The chapter builds on fieldwork conducted in rural Mozambique on community mobilisation against insurgent violence during the country’s civil war (1976-1992) to reflect upon some of the unintended consequences of fieldwork in polarised societies. It focuses on the ways in which the autonomy of both the researcher and the researched may be affected during the research process. In analysing the simultaneous empowerment and disempowerment of research participants, the chapter discusses the challenges raised around issues of power and neutrality during fieldwork and suggests that conflict research needs to be understood as a form of intervention in local affairs.


Author(s):  
Sinéad Walsh

This chapter discusses the politics and practice of empathy in peace research. Based on ethnographic fieldwork in Armenia and Azerbaijan, it shows how empathetic research relations impacted the methodological design for a study of women's nongovernmental organisations and peacebuilding. Although developing friendships with some participants led to important insights and broadened the scope of the research, there were ethical risks associated with power relations and emotionally and politically sensitive information. Drawing on feminist methodologies, the chapter argues for reflexivity as a way of navigating relationships responsibly and making sense of the researcher's changing subjective position.
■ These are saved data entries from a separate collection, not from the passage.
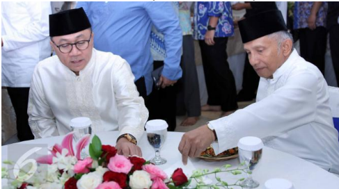
Gambar 4. Elemen Grafik berupa foto pada artikel 4

dua orang tokoh besar dari PAN. Dua orang tersebut adalah Zulkifli Hasan (kiri) dan Amien Rais (kanan). Dalam foto, kedua tokoh tersebut sedang duduk dalam sebuah meja makan bundar, layaknya pada jamuan makan. Mencermati pada sudut kiri bawah terdapat watermark logo Liputan6 , peneliti beranggapan foto tersebut disalin dari situs liputan6.com . Dari hasil penelusuran, peneliti menemukan foto asli yang diambil oleh Helmi Afandi dari liputan6.com . Foto tersebut diambil ketika Ketua MPR RI Zulkifli Hasan (kiri) dan politisi senior Amien Rais saat acara buka puasa bersama di kediaman Ketua MPR RI, di Jakarta, Kamis (25/6/2015).
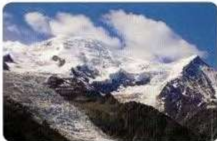
Mont Blanc (Chamonix).

ETAPA 7: REFUGIO ELENA - RELAIS DE ARPETTE. Camino de paso a Suiza por el Grand Col de Ferret de 2.537 m. Una vez en Ferret pueblo, la subida hasta Champex (importante centro turístico) se hace larga, pesada y carente de interés pues discurre por caminos paralelos a la carretera. Este tramo se puede obviar –sin prostituir en exceso el espíritu montañero de la travesía–
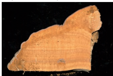
Fot. 2. Przekrój przez owocnik z wieloma warstwami hymenoforu (P. Łakomy)

Owocniki są specyficzne. Pojawiają się na ziemi, korzeniach, pniach i gałęziach zarówno z wycych jak i martwych drzew a także i na ich drzewnie. Tworzą się pojedynczo lub w skupieniach, ułożonych najczęściej rozetowato lub dachówkowato. Są zróżnicowane pod względem wielkości, trwałości, kształtu, charakteru powierzchni, konsystencji i budowy hymenoforu.
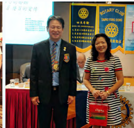
本月結婚週年快樂
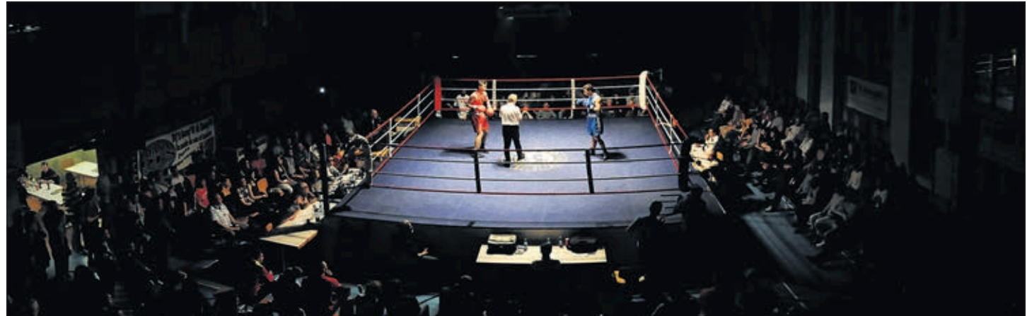
Salle polyvalente samedi 15 avril dès 18h30, combats à 19h30
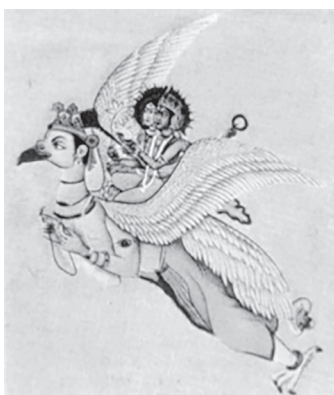
Slika 19. Višnu jaše Garuda

Garuda ( sanskrski garut= krila ) princ ptica u indijskoj mitologiji, ljubimac je Višnu koji jaše na njegovim leđima. On je solarna ptica i ubojica je zmija ili „naga“. Njegovo antropomorfnu tijelo zlatne je boje i ima orlovsku glavu, krila i kandže. 45
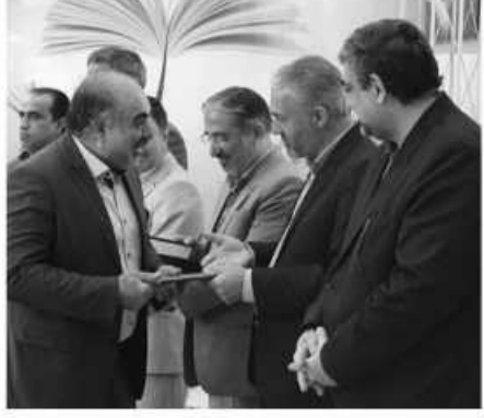
فضای مجازی رقب جدی کتاب و کتاب خوانی

کتابداران و کتابخوانان نمونه استان تجلیل شدند
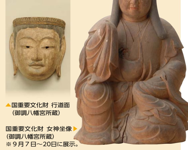
▲国重要文化財 行道面(御調八幡宮所蔵) 国重要文化財 女神坐像(御調八幡宮所蔵) ※9月7日～20日に展示。
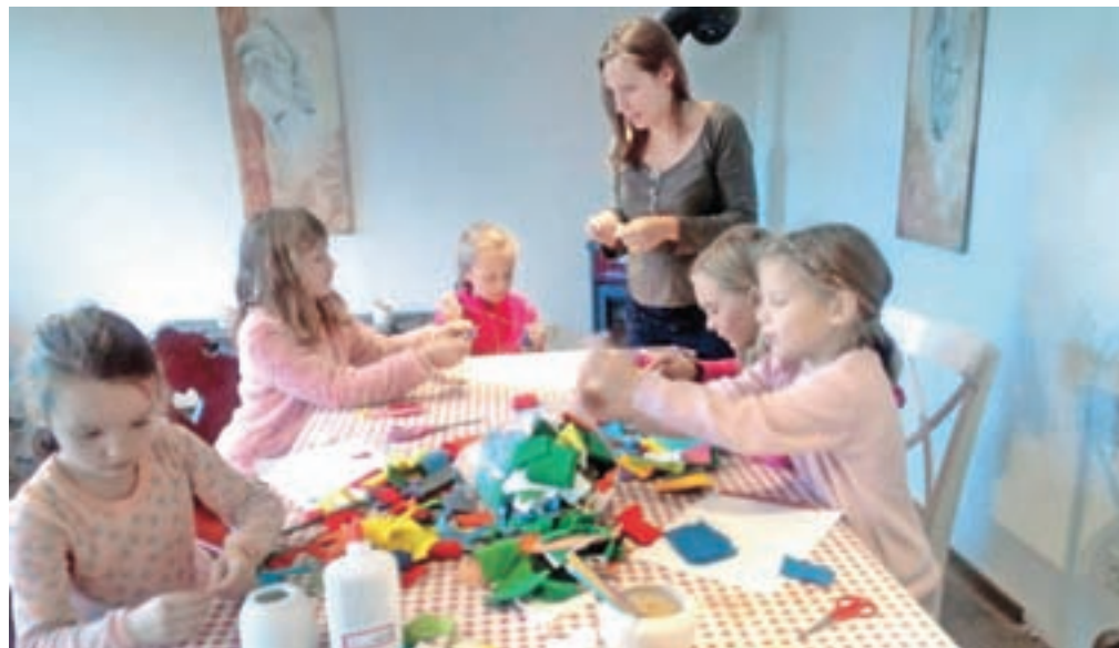
Najmlajši se z likovno umetnostjo seznanjajo na ustvarjalnicah.

miselnih spretnosti, ki jih likovni material in tehnika ponujata. Z nekoliko starejšimi (od desetega leta dalje) in odraslimi se dogovarjam za tečaje individualno. Tečaje popolnoma prilagodim posameznikovim željam in ambicijam, pa naj bo to slikanje ali kiparstvo, namenjeno sprostitvi ali preprosteemu pridobivanju ročne spretnosti, osredotočanju na trenutek tukaj in zdaj, kar je v tem hitrem svetu izjemno pomembna veščina.« Tečaji so primerni za vse, tako za tiste, ki se ob ustvarjanju želijo umakniti od vsak-

On leaving the field, reflexivity is required in order to analyse and represent information ethically, and to understand the implications of power and empathy in the politics of knowledge production.


Author(s):  
Meike de Goede ◽  
Inge Ligtvoet

This chapter focuses on the impact of flows of information through information and communication technologies (ICTs) on the decision-making processes for researchers working in instable, volatile regions. Drawing on the authors’ experiences in Nigeria and Congo-Brazzaville, the paper argues that while ICTs have become important tools for research, they also create new dilemmas for the researcher. These dilemmas emerge from the interface between us as researchers, and constant flows of information about insecurity in our fields that reach us via social media. Paradoxically, in an information rich world, a lack of information can also create such dilemmas. Flows of information – or the lack thereof – are not only data, but also affect us on an emotional level. As such new subjective fields of insecurity emerge for the researcher that produce emotional responses such as anger or disorientation, and that in turn inform decision-making processes, such as an inclination for deeper engagement, or to disengage.


Author(s):  
Fabio Cristiano

This chapter explores how violence unfolds in the context of cyberwar. It does so through a theoretical analysis of understanding the body that transcends corporeality. It reflects on the implications this entails for the production of knowledge on this phenomenon. This chapter suggests rethinking cyberwar in view of violence as an experience that discloses through the interplay between embodied proximity and distance, rather than corporeality. Drawing on the author’s research experience on Palestinian cyberwar, an understanding of violence is reconciled with its implications for the study of war in cyberspace, at often times considered as a disembodied, and thus non-violent, warscape.


Author(s):  
Althea-Maria Rivas

This vignette explore the ways in which race and gender can influence the research process, the experience of the researcher, and the perceptions of the research participants and communities through short narratives on fieldwork conducted in Afghanistan and Burundi. It ends with a few reflections on the need for more discussion within academic circles about intersectionality and research praxis.